- **INSTRUCTIONS TO FOLLOW**
What is needed is a word-for-word transcript of the listing, free of pictures.

- **SUPPLIED INFORMATION**
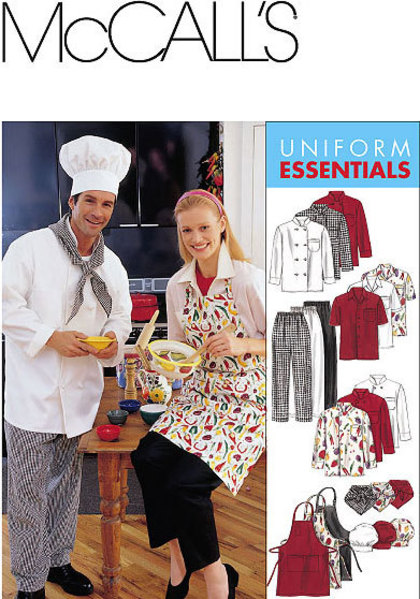 MISSES’ AND MEN’S JACKET, SHIRT, APRON, PULL-ON PANTS, NECKERCHIEF AND HAT: Double-breasted jacket with mandarin collar has two-piece long sleeves and single front patch pocket; short sleeved shirt with collar has single front patch pocket; apron with utility pockets has back waist ties and adjustable neck strap; pull-on pants with two rows of elastic and drawstring cord at waistline have side seam pockets and single back patch pocket; chef’s hat has VELCRO® closure; neckerchief is also included.
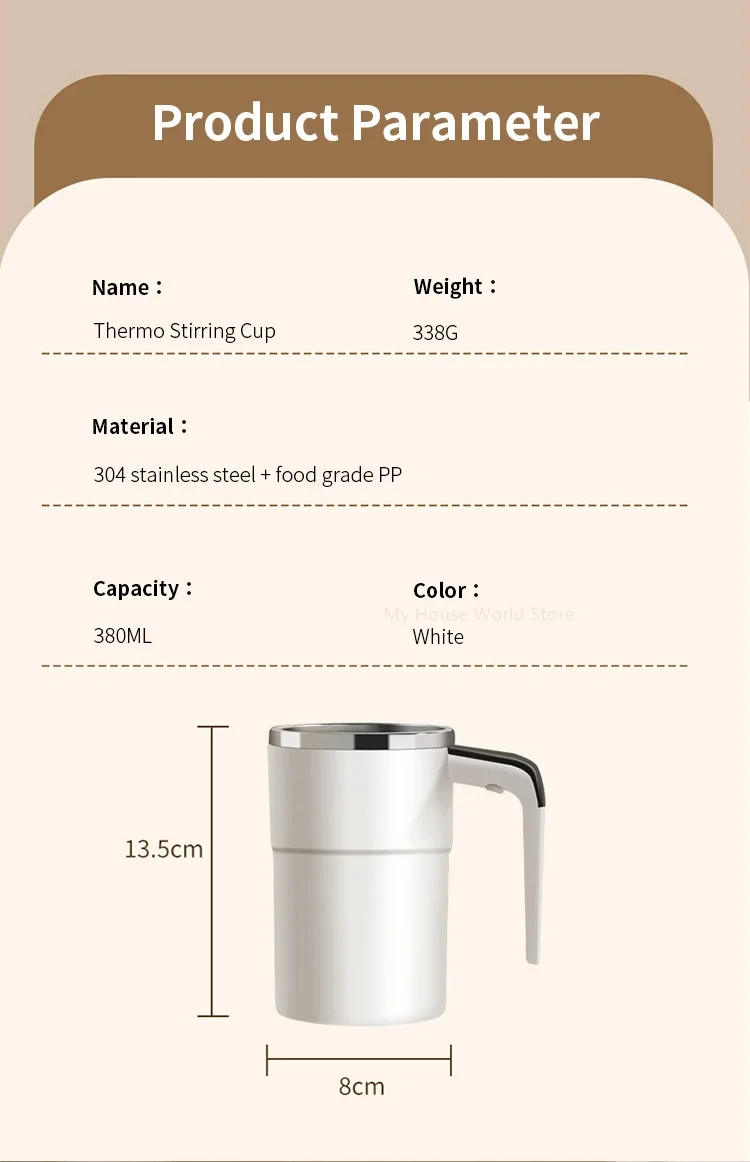 With this automatic magnetic self stirring coffee cup, you no longer need to search for spoons or handle clumped drinks. Simply put your favorite powder, such as coffee powder, protein powder, or other beverage mixtures, into the cup. Then, pour in the liquid you want, whether it’s hot water, milk, or any other liquid. Press the button to mix the powder and liquid evenly. Whether it’s at home, office, gym, school, etc., you can enjoy the perfect mixed drink anytime, anywhere!
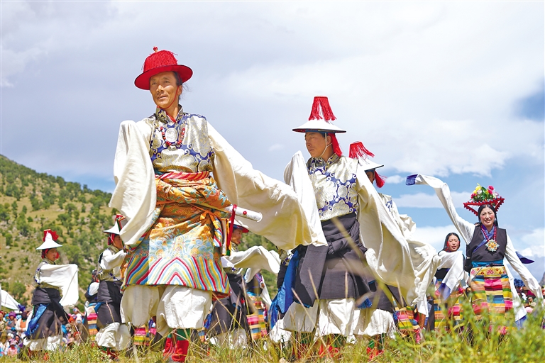 7月的林周縣唐古鄉(xiāng)綠草如茵,草地上點綴著藍(lán)色和黃色的野花。演員們以藍(lán)天白云為幕,伴隨著優(yōu)美的橫笛聲,跨出豪邁步伐,跳起了“熱振曲卓”?!盁嵴袂俊?,是林周人民智慧的結(jié)晶,在滄海桑田的變化中見證著這片土地的故事。

- **EXERCISE ANSWER**
 MISSES’ AND MEN’S JACKET, SHIRT, APRON, PULL-ON PANTS, NECKERCHIEF AND HAT: Double-breasted jacket with mandarin collar has two-piece long sleeves and single front patch pocket; short sleeved shirt with collar has single front patch pocket; apron with utility pockets has back waist ties and adjustable neck strap; pull-on pants with two rows of elastic and drawstring cord at waistline have side seam pockets and single back patch pocket; chef’s hat has VELCRO® closure; neckerchief is also included.
 With this automatic magnetic self stirring coffee cup, you no longer need to search for spoons or handle clumped drinks. Simply put your favorite powder, such as coffee powder, protein powder, or other beverage mixtures, into the cup. Then, pour in the liquid you want, whether it’s hot water, milk, or any other liquid. Press the button to mix the powder and liquid evenly. Whether it’s at home, office, gym, school, etc., you can enjoy the perfect mixed drink anytime, anywhere!
 7月的林周縣唐古鄉(xiāng)綠草如茵,草地上點綴著藍(lán)色和黃色的野花。演員們以藍(lán)天白云為幕,伴隨著優(yōu)美的橫笛聲,跨出豪邁步伐,跳起了“熱振曲卓”?!盁嵴袂俊?,是林周人民智慧的結(jié)晶,在滄海桑田的變化中見證著這片土地的故事。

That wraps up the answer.